***** Records for processing

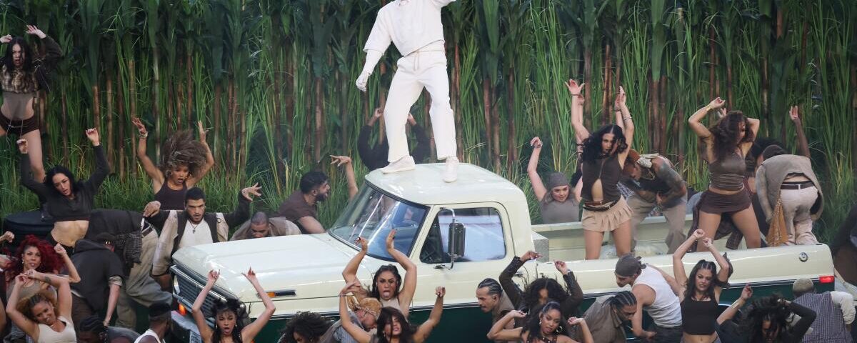 Τι έγινε όμως στο σόου; Η σκηνή άνοιξε με ζαχαροκάλαμα. Πράσινα χωράφια, εργάτες, σώματα που δουλεύουν. Ένα τοπίο που θυμίζει ότι η ευημερία κάποιων στην Αμερική χτίστηκε πάνω στη δουλειά άλλων. Ακολούθησαν οι αφηγηματικές σκηνές, μία La Casita, τα bodegas που θυμίζουν Νέα Υόρκη και διασπορά, piragua, γειτονιές, κόσμος που περνά, χορεύει, μιλά, γελά. Ήταν τόσο ζωντανό όλο αυτό, που ξεχνούσες ότι ήταν σκηνικά-μακέτες και τα ένιωθες κομμάτια της δικής σου ζωής. Πριν από δέκα χρόνια, η δουλειά του Μπενίτο Αντόνιο Μαρτίνες Οκάσιο ήταν να βάζει ψώνια σε σακούλες του σούπερ μάρκετ στο Πουέρτο Ρίκο και χθες το βράδυ έκανε το Super Bowl «ώπα», τραγουδώντας στα ισπανικά.
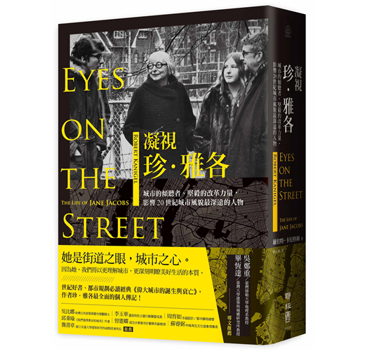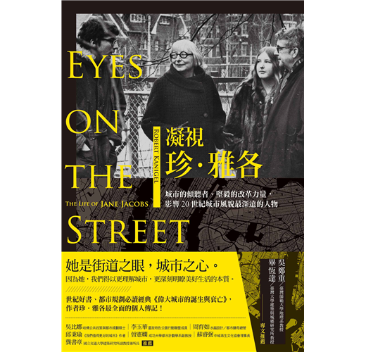 蛤!「珍‧雅各傳」?今年暑假聯經編輯黃淑真來信,要我幫即將出版中譯本的珍‧雅各傳記《凝視珍‧雅各》(Eyes on the Street: The Life of Jane Jacobs)寫推薦序。當時我正在徒步環島,走在新竹、苗栗之間的西濱快速道路上。剛剛下了場雷陣雨,全身溼答答的,晚上準備落腳在白沙屯拱天宮的香客大樓。不知道是被太陽曬昏了頭,還是淋雨腦袋進了水,我納悶著,珍‧雅各既不是偉人,又稱不上名流,而且還為了幫兒子躲避兵役,舉家從美國「落跑」到加拿大,臺灣讀者會有興趣了解雅各媽媽的生平種種嗎?
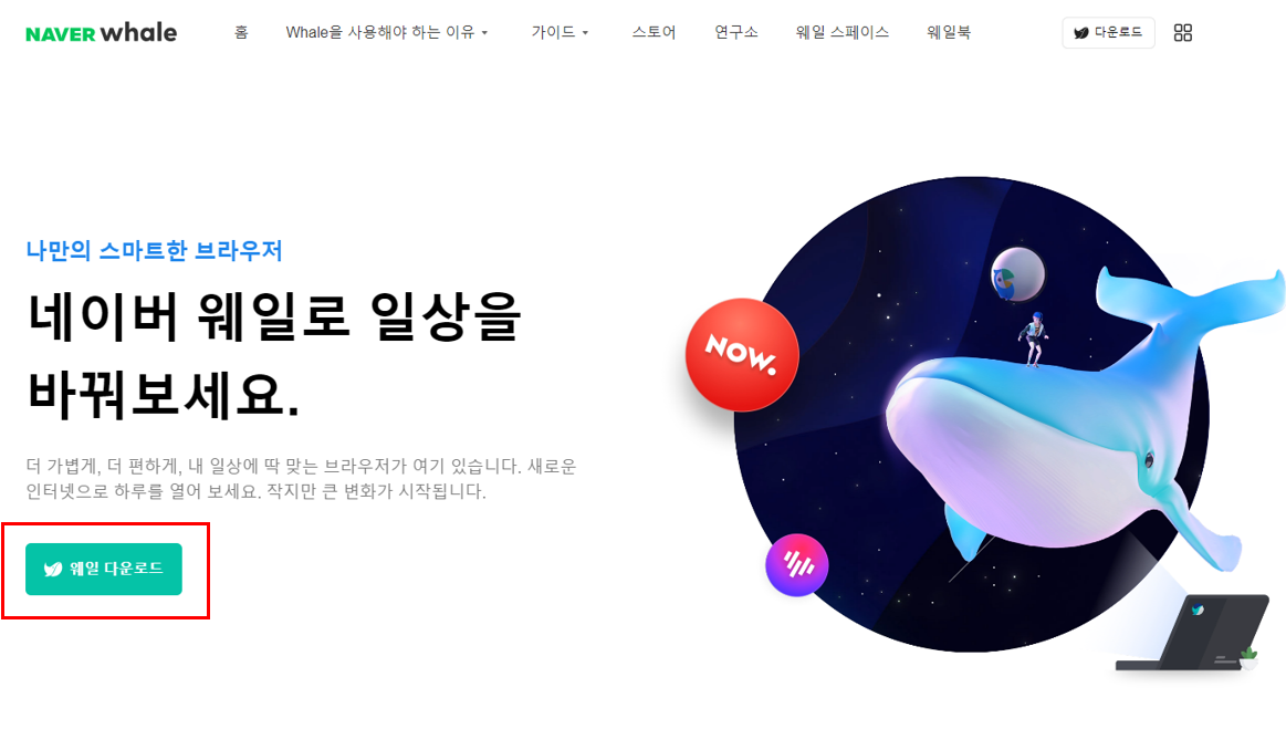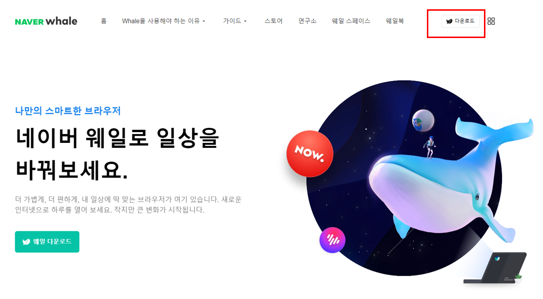 - 네이버 웨일 홈페이지에서 '웨일 다운로드'를 클릭합니다.
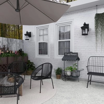 This Farmhouse style flower cart has adorable style, from its rolling canopy with a “FRESH FLOWERS” stencil to its large, old-fashioned wheels. Made from iron, this garden cart is lightweight and easy to pull from by large arched handle and sits upright on the metal kickstand to keep your potted plants in place. The rectangular planter box has iron bars to secure your pots but are spaced enough for beautiful display. The large, metal canopy keeps direct sunlight from harming your more sensitive perennials. This outdoor planter plant stand will bring a cozy feel to your garden area entryway or enjoy it in the backyard from your deck. This stunning trolley cart plantstand is ideal for outdoor usage and blends well with vintage and retro-themed furniture Wipe clean with a dry cloth. Lightweight & easy to pull. Suitable for indoor and outdoor use. Farmhouse-themed style Showcases a spray-painted “FRESH FLOWERS” text in white. This item comes shipped in one carton. Maximum weight limit is 5 lbs. per shelf.
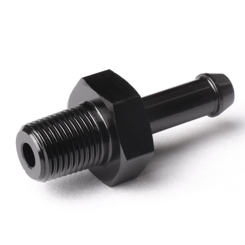 1/8" NPT Male to 1/4" Hose Barb Aluminum Adapter Fitting - Black Anodized Straight Connector
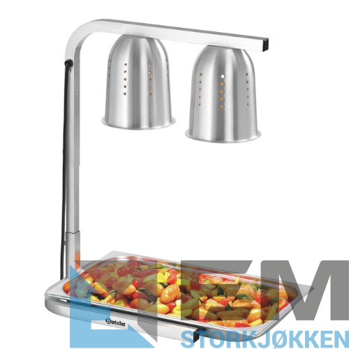 For buffeer, cateringarrangementer og i kantiner – de to varmelampene med ventilerte aluminiumsreflektorer sørger for målrettet varmeavgivelse. Dette gjør at tallerkener i beholdere på opptil 1/1 GN kan holdes varme.
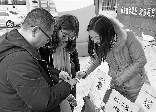 安徽省銅陵市人社局多渠道收集崗位信息,組織缺工企業送崗下鄉,為有就業創業意愿的農村勞動力和農村建檔立卡貧困勞動者及返鄉務工人員提供面對面就業服務。圖為近日在銅陵市老洲鎮舉辦的送崗下鄉招聘會上,工作人員引導返鄉務工人員填寫外出務工情況調查問卷。

**********

Every line from the first line of the entries above through the line with "Anodized Straight Connector" must be repeated exactly, and pictures must not be.

→ Written reply:
 Τι έγινε όμως στο σόου; Η σκηνή άνοιξε με ζαχαροκάλαμα. Πράσινα χωράφια, εργάτες, σώματα που δουλεύουν. Ένα τοπίο που θυμίζει ότι η ευημερία κάποιων στην Αμερική χτίστηκε πάνω στη δουλειά άλλων. Ακολούθησαν οι αφηγηματικές σκηνές, μία La Casita, τα bodegas που θυμίζουν Νέα Υόρκη και διασπορά, piragua, γειτονιές, κόσμος που περνά, χορεύει, μιλά, γελά. Ήταν τόσο ζωντανό όλο αυτό, που ξεχνούσες ότι ήταν σκηνικά-μακέτες και τα ένιωθες κομμάτια της δικής σου ζωής. Πριν από δέκα χρόνια, η δουλειά του Μπενίτο Αντόνιο Μαρτίνες Οκάσιο ήταν να βάζει ψώνια σε σακούλες του σούπερ μάρκετ στο Πουέρτο Ρίκο και χθες το βράδυ έκανε το Super Bowl «ώπα», τραγουδώντας στα ισπανικά.
 蛤!「珍‧雅各傳」?今年暑假聯經編輯黃淑真來信,要我幫即將出版中譯本的珍‧雅各傳記《凝視珍‧雅各》(Eyes on the Street: The Life of Jane Jacobs)寫推薦序。當時我正在徒步環島,走在新竹、苗栗之間的西濱快速道路上。剛剛下了場雷陣雨,全身溼答答的,晚上準備落腳在白沙屯拱天宮的香客大樓。不知道是被太陽曬昏了頭,還是淋雨腦袋進了水,我納悶著,珍‧雅各既不是偉人,又稱不上名流,而且還為了幫兒子躲避兵役,舉家從美國「落跑」到加拿大,臺灣讀者會有興趣了解雅各媽媽的生平種種嗎?
 - 네이버 웨일 홈페이지에서 '웨일 다운로드'를 클릭합니다.
 This Farmhouse style flower cart has adorable style, from its rolling canopy with a “FRESH FLOWERS” stencil to its large, old-fashioned wheels. Made from iron, this garden cart is lightweight and easy to pull from by large arched handle and sits upright on the metal kickstand to keep your potted plants in place. The rectangular planter box has iron bars to secure your pots but are spaced enough for beautiful display. The large, metal canopy keeps direct sunlight from harming your more sensitive perennials. This outdoor planter plant stand will bring a cozy feel to your garden area entryway or enjoy it in the backyard from your deck. This stunning trolley cart plantstand is ideal for outdoor usage and blends well with vintage and retro-themed furniture Wipe clean with a dry cloth. Lightweight & easy to pull. Suitable for indoor and outdoor use. Farmhouse-themed style Showcases a spray-painted “FRESH FLOWERS” text in white. This item comes shipped in one carton. Maximum weight limit is 5 lbs. per shelf.
 1/8" NPT Male to 1/4" Hose Barb Aluminum Adapter Fitting - Black Anodized Straight Connector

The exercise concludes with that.